Baseline inconsistency reviews begin with examination of the dates of the screening survey and baseline assessment to establish which items, based on response window (eg, past week, past year, or lifetime use), are expected to overlap. Next, research staff review each response to items with overlapping time frames from the screening and baseline surveys. For example, if a participant reported no lifetime use of cannabis in the baseline survey but then reported weekly cannabis use in the baseline interview completed 2 days later, that would be recorded as an inconsistency. Of course, it is reasonable that a participant could make errors in reading and answering survey questions; therefore, we set a threshold for the number of inconsistencies required to prompt the next stage of review. Specifically, if it is determined that there are ≥4 inconsistencies across the screening survey and baseline assessment, the research staff member prepares a formal report of all potential inaccuracies for the project PIs and coordinator to review. The PIs and coordinator examine all inconsistencies to determine if any can be explained more parsimoniously. If the PIs and coordinator deem at least 4 inconsistencies to be due to poor-quality reporting (ie, not otherwise reasonably explainable), the check is considered failed and the participant is withdrawn from the study.

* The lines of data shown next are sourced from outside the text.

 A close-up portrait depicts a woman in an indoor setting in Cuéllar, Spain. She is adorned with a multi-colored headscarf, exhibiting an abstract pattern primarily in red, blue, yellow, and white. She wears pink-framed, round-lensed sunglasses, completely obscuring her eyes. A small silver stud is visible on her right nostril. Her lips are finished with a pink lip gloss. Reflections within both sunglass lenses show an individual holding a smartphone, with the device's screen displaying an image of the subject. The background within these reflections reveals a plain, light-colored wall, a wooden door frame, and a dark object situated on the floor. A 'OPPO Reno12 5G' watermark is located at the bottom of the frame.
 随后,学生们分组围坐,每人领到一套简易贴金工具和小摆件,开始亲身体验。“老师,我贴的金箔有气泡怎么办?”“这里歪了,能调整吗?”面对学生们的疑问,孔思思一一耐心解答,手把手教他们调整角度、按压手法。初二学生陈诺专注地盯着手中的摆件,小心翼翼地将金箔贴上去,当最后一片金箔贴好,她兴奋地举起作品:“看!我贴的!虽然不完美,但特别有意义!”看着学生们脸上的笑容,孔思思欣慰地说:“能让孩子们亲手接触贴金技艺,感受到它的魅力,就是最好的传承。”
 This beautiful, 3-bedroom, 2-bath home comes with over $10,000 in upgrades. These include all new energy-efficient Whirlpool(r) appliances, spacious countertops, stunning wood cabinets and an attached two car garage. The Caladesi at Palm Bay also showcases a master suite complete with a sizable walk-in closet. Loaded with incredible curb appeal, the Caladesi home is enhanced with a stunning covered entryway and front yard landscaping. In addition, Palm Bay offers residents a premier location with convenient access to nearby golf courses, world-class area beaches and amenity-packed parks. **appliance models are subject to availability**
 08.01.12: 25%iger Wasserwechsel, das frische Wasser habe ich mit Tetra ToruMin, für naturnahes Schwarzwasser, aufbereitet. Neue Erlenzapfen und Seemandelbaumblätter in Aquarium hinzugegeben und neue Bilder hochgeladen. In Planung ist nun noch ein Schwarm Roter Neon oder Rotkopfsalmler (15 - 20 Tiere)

If ≤3 inconsistencies are deemed to be due to poor-quality responses, the check is passed and the participant may continue in the study.

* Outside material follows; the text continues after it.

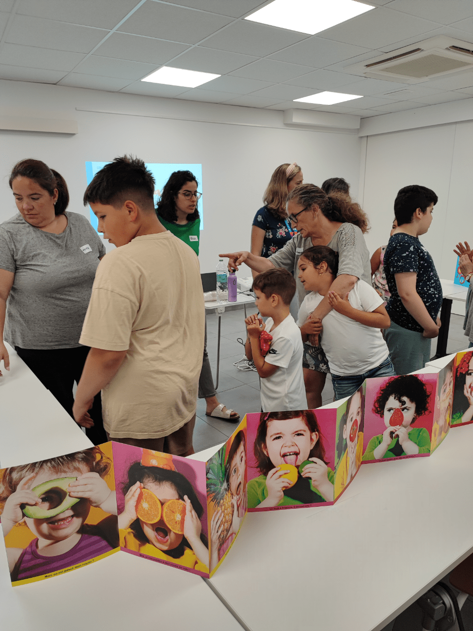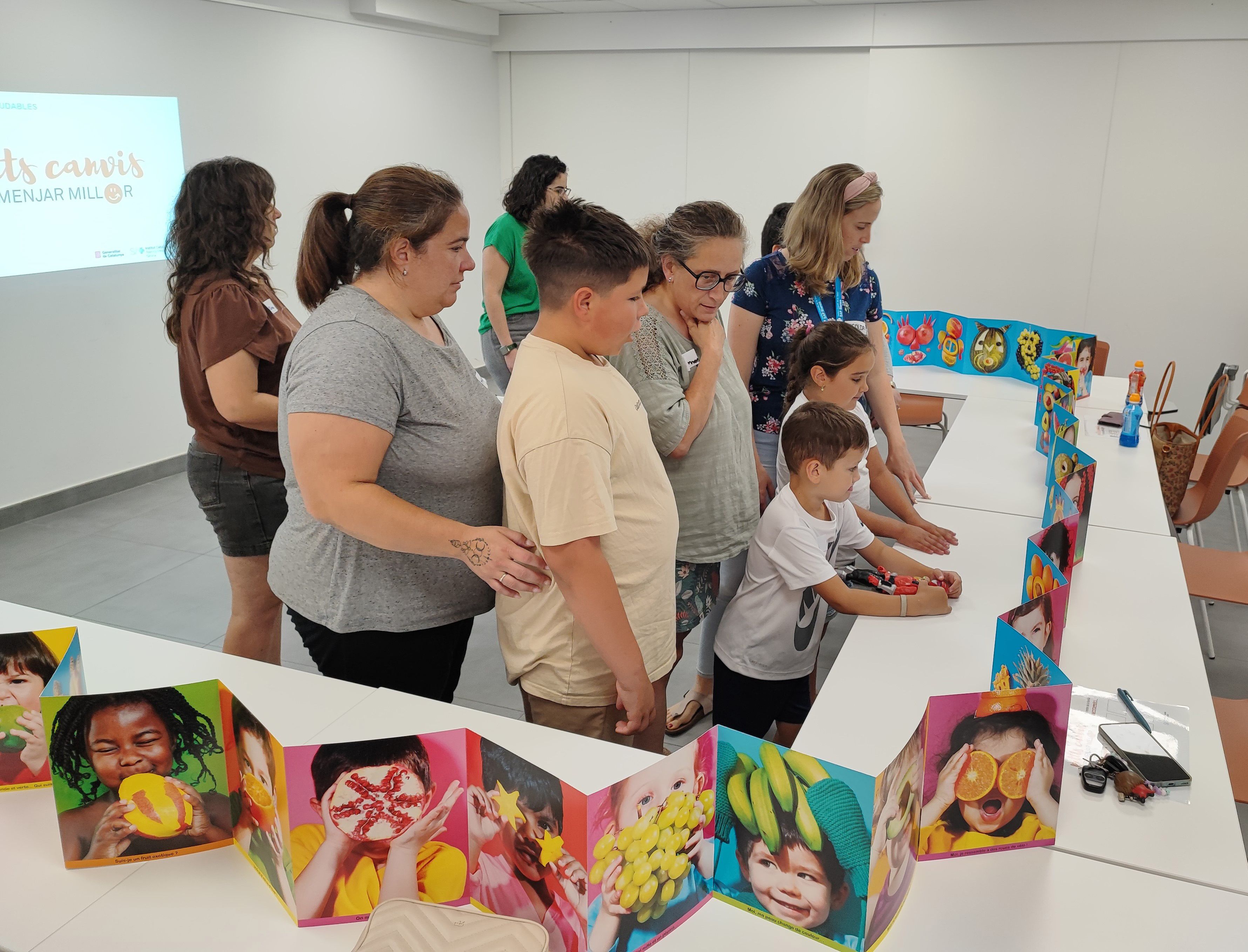 Cada sessió es planteja de manera participativa i majoritàriament es treballa amb el grup complet tot i que, un cop establert el vincle, en alguna activitat se separen els infants dels adults. Per avançar cap a una alimentació més saludable, es planteja un aprenentatge a través de jocs i petits reptes seleccionats per la mateixa família. En aquest context, la primera trobada ja introdueix el benefici de tenir una alimentació més integral, donant a conèixer aquells productes que poden enriquir la dieta. Posteriorment, es treballa amb diferents fruites i verdures per educar els infants en nous gustos; s’explica l’estructura d’un plat saludable i es donen eines perquè els pares puguin configurar un menú que equilibri fibra, hidrats de carboni i proteïnes. Una sessió també està dedicada a destacar què s’amaga en l’etiquetatge d’un producte comercial.

The criterion of 4 inconsistent responses was based on a preliminary review of data from participants who had passed all other checks (ie, high likelihood that they were genuine and eligible participants). Among these authenticated participants, the maximum number of inconsistencies was 3.

Data Analyses

We computed descriptive findings (eg, frequencies and proportions) regarding the active authentication system, including passing rates for each.


Non–web-based recruitment for this study began in fall 2023. Web-based recruitment, facilitated by a third-party recruitment company, began in January 2024. Results of the recruitment process are presented through October 2024 in Figure 1, divided by recruitment source (web-based recruitment vs non–web-based recruitment). A timeline of the date each strategy was implemented can be found in Multimedia Appendix 1. Of the 4915 interest forms completed, 1069 (21.75%) were completed by participants recruited remotely using web-based methods. Of the 1401 screening surveys completed, 651 (46.47%) were completed by participants recruited remotely using web-based methods. A total of 259 participants recruited using web-based methods were eligible and completed the baseline assessment, resulting in 39.8% (259/651) of the participants screened from this recruitment method completing the baseline assessment and continuing to the longitudinal portion of the study. A total of 20 participants recruited from non–web-based recruitment sources were eligible and completed the baseline assessment, resulting in 2.7% (20/750) of the participants screened from this recruitment method completing the baseline assessment and continuing to the longitudinal portion of the study. Of the 279 participants currently completing the longitudinal phase of the study, 259 (92.8%) were recruited using web-based methods.

The authentication protocol has been applied to the 1069 individuals completing interest forms who were recruited via web-based avenues managed by a third-party recruitment company. The total number of active authentication checks administered to this sample as of October 2024 is presented in Table 1, along with the number of failed checks. Altogether, 2598 active authenticity checks were administered to the 1069 individuals recruited remotely. In total, 6.85% (178/2598) of those checks failed. Because some checks were applied retroactively, individuals could fail multiple checks (Table 2 provides a complete breakdown). Consequently, 11.13% (119/1069) of unique individuals recruited by web-based methods were withdrawn from participation due to failed checks.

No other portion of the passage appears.